BEGIN Data extract

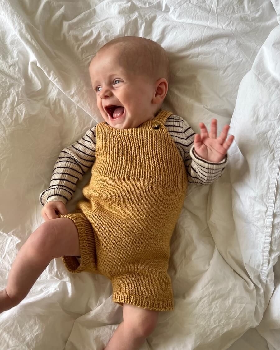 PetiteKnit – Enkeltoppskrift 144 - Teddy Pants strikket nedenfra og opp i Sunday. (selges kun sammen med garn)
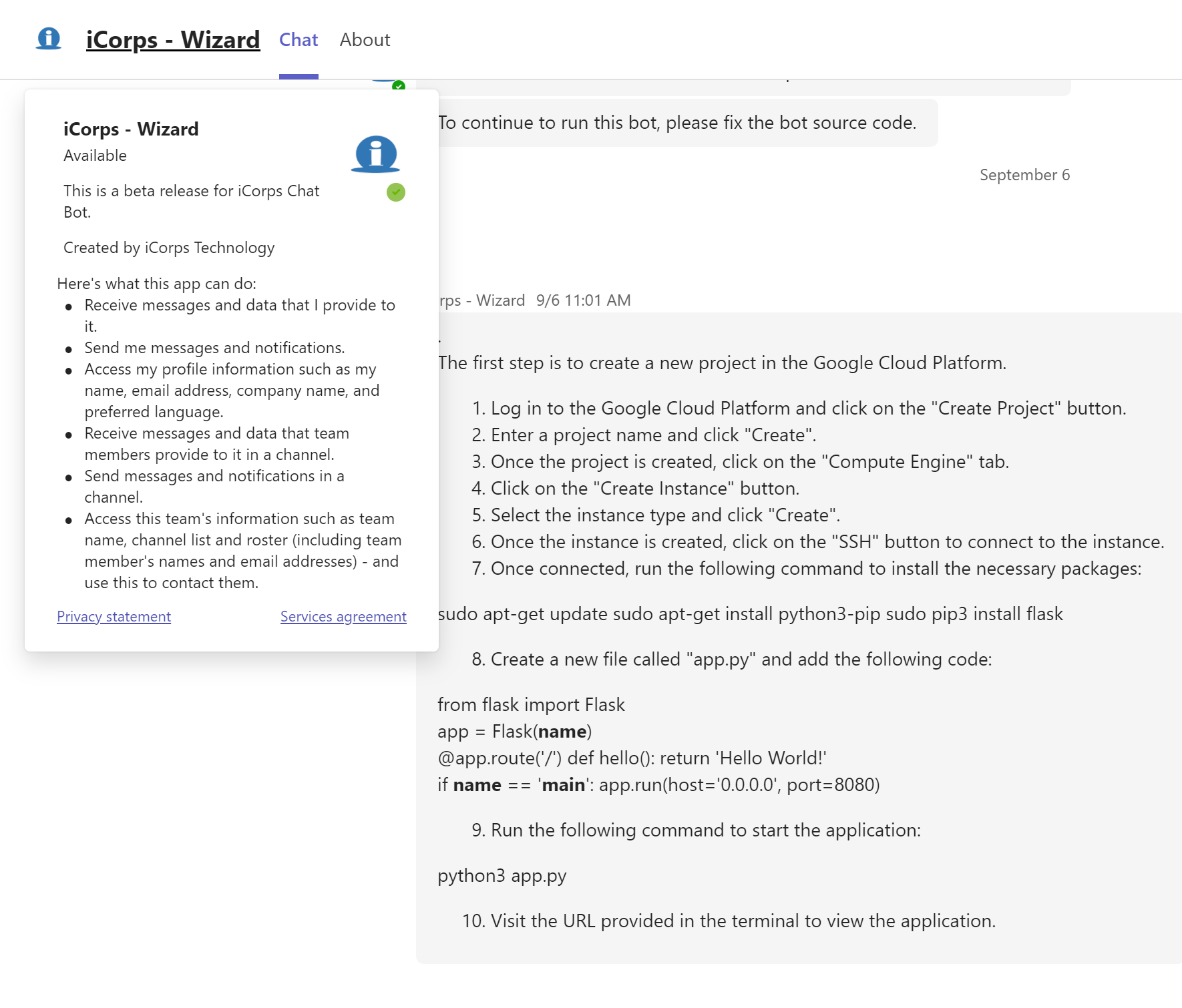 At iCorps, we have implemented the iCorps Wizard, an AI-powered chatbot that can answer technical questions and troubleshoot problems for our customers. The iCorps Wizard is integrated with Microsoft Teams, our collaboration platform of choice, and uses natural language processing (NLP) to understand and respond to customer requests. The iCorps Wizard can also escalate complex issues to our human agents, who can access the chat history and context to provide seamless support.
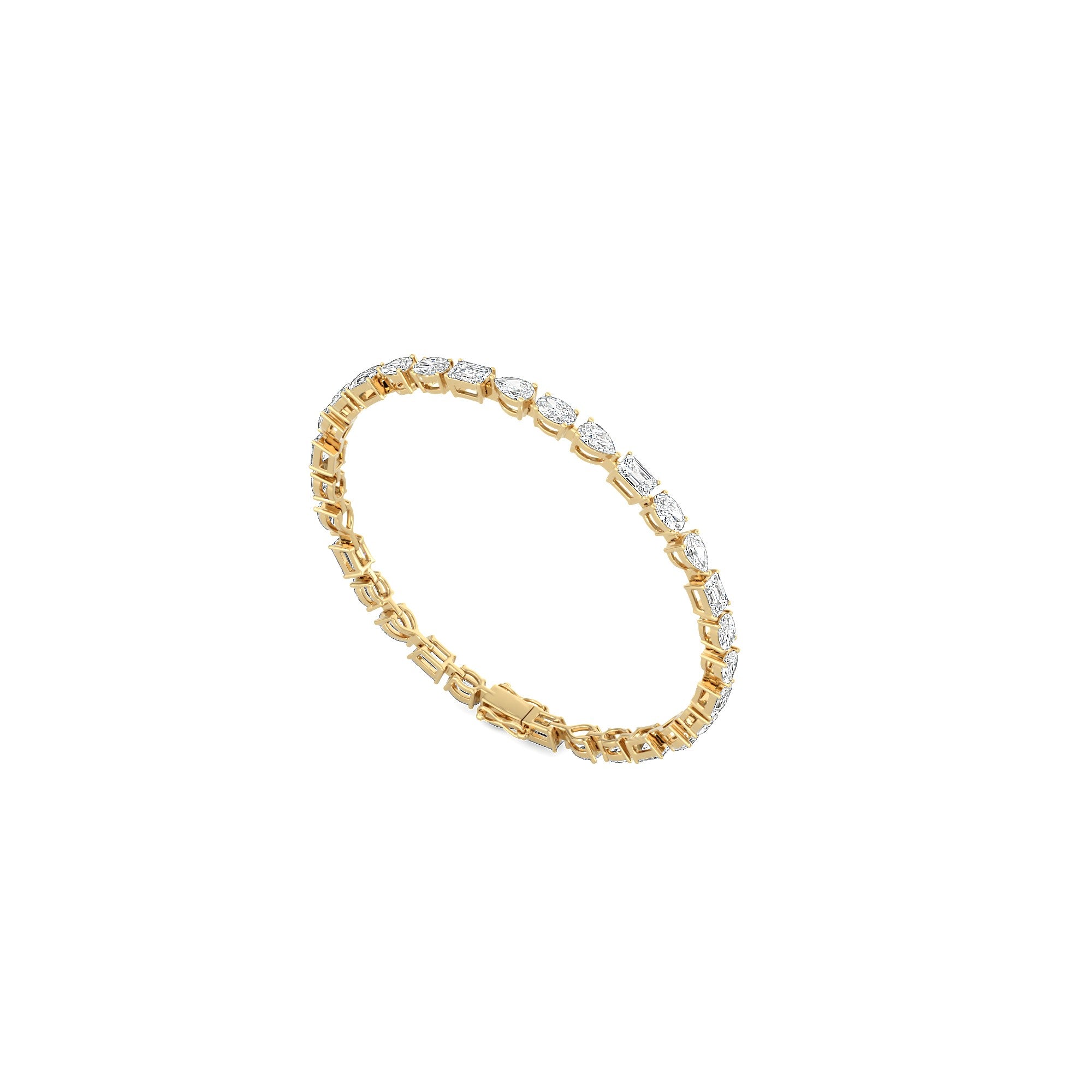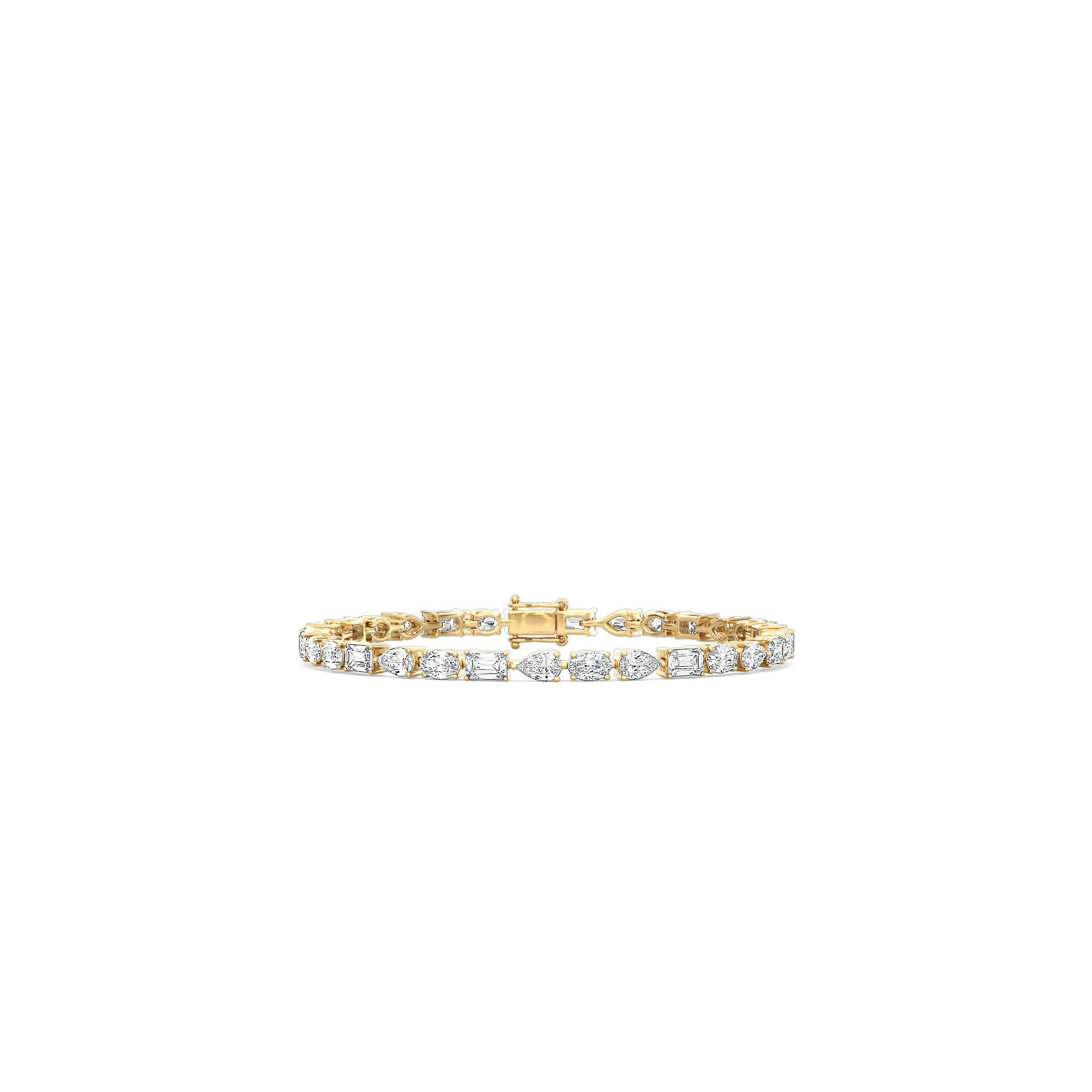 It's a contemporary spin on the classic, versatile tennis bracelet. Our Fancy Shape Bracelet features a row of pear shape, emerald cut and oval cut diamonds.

END Data extract

- _Problem description_:
Restate the data word for word and exclude every picture.

- _Written response_:
 PetiteKnit – Enkeltoppskrift 144 - Teddy Pants strikket nedenfra og opp i Sunday. (selges kun sammen med garn)
 At iCorps, we have implemented the iCorps Wizard, an AI-powered chatbot that can answer technical questions and troubleshoot problems for our customers. The iCorps Wizard is integrated with Microsoft Teams, our collaboration platform of choice, and uses natural language processing (NLP) to understand and respond to customer requests. The iCorps Wizard can also escalate complex issues to our human agents, who can access the chat history and context to provide seamless support.
 It's a contemporary spin on the classic, versatile tennis bracelet. Our Fancy Shape Bracelet features a row of pear shape, emerald cut and oval cut diamonds.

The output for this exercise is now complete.